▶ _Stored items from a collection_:
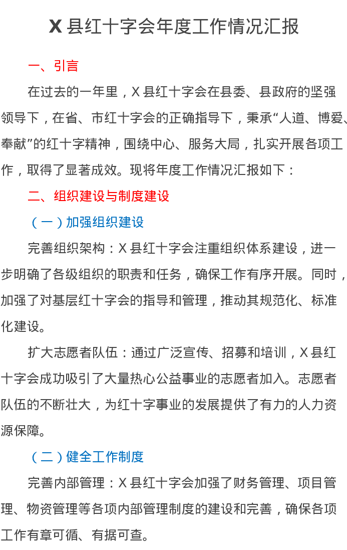 X县红十字会年度工作情况汇报
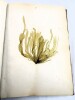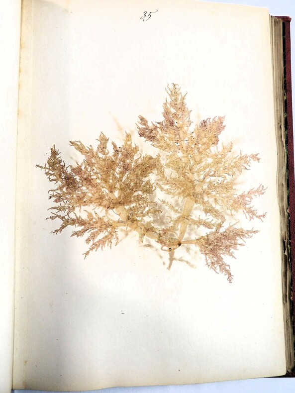 Sans lieu, sans éditeur (manuscrit - pièce unique), sans date (circa 1870). In-8 - 18 x 25 cm. Reliure de l'époque en demi-chagrin rouge, dos à 4 nerfs, orné de caissons et petits fers dorés, titre doré "Algues marine" sur le dos. 85 planches. Alguier extrêmement soigné, composé à la fin du 19e siècle (vers 1870), recueillant 83 spécimens d'algues pressés sur 85 feuillets de papier fort. Planches montées sur onglet. Spécimens non-identifiés (non légendés), en excellent état de conservation. À la fin du XIXe siècle, la collecte et la conservation d'échantillons d'algues sont devenues un passe-temps populaire pour les Européens aisés. Ces collectionneurs passaient de nombreuses heures à sécher, presser et monter avec soin les spécimens qu'ils trouvaient au cours de leurs voyages. Leurs recueils illustrent ce phénomène de mode, mais présentent également, encore aujourd’hui, un intérêt scientifique, par exemple en permettant de constater si certaines variétés ont disparu.
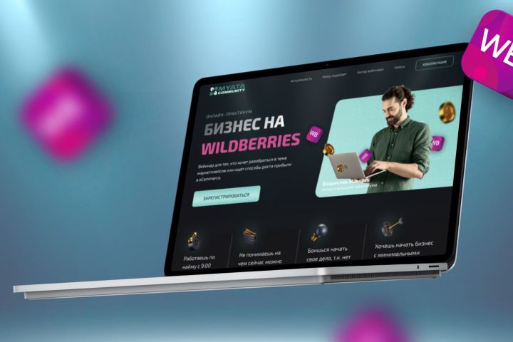 Одностраничный сайт для компании Myata. Цель — познакомить пользователя с проводимым мероприятием — вебинар «Бизнес на Wildberries», дать возможность записаться на него. Ссылка на сайт — https://myatawb.ru
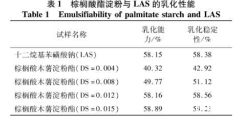 棕榈酸酯淀粉与常用表面活性剂LAS的乳化性能比较见表1。
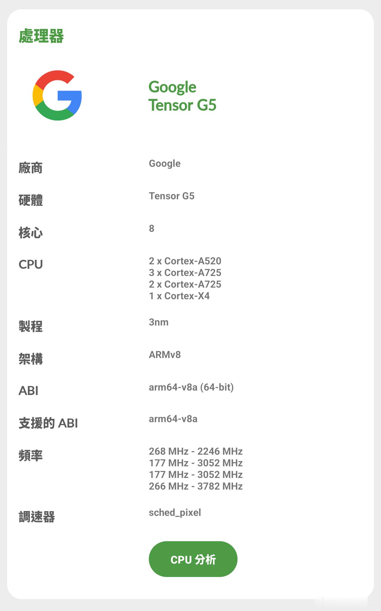 得益于台积电N3P工艺,Google Tensor G5 的跑分虽然落后两年,但是落实到产品,谷歌Pixel 10 Pro 的日常使用确实提升巨大,流畅的不像谷歌Pixel,而且室内空调➕ WiFi 环境下使用,只要你不玩游戏不用相机,基本上完全不会发热,期待谷歌加油,Tensor 早日超越骁龙[doge][doge][doge]

▶ _Instructions for the task_: Reproduce all of the data exactly; the pictures do not belong in the copy.

▶ _Completed exercise_:
 X县红十字会年度工作情况汇报
 Sans lieu, sans éditeur (manuscrit - pièce unique), sans date (circa 1870). In-8 - 18 x 25 cm. Reliure de l'époque en demi-chagrin rouge, dos à 4 nerfs, orné de caissons et petits fers dorés, titre doré "Algues marine" sur le dos. 85 planches. Alguier extrêmement soigné, composé à la fin du 19e siècle (vers 1870), recueillant 83 spécimens d'algues pressés sur 85 feuillets de papier fort. Planches montées sur onglet. Spécimens non-identifiés (non légendés), en excellent état de conservation. À la fin du XIXe siècle, la collecte et la conservation d'échantillons d'algues sont devenues un passe-temps populaire pour les Européens aisés. Ces collectionneurs passaient de nombreuses heures à sécher, presser et monter avec soin les spécimens qu'ils trouvaient au cours de leurs voyages. Leurs recueils illustrent ce phénomène de mode, mais présentent également, encore aujourd’hui, un intérêt scientifique, par exemple en permettant de constater si certaines variétés ont disparu.
 Одностраничный сайт для компании Myata. Цель — познакомить пользователя с проводимым мероприятием — вебинар «Бизнес на Wildberries», дать возможность записаться на него. Ссылка на сайт — https://myatawb.ru
 棕榈酸酯淀粉与常用表面活性剂LAS的乳化性能比较见表1。
 得益于台积电N3P工艺,Google Tensor G5 的跑分虽然落后两年,但是落实到产品,谷歌Pixel 10 Pro 的日常使用确实提升巨大,流畅的不像谷歌Pixel,而且室内空调➕ WiFi 环境下使用,只要你不玩游戏不用相机,基本上完全不会发热,期待谷歌加油,Tensor 早日超越骁龙[doge][doge][doge]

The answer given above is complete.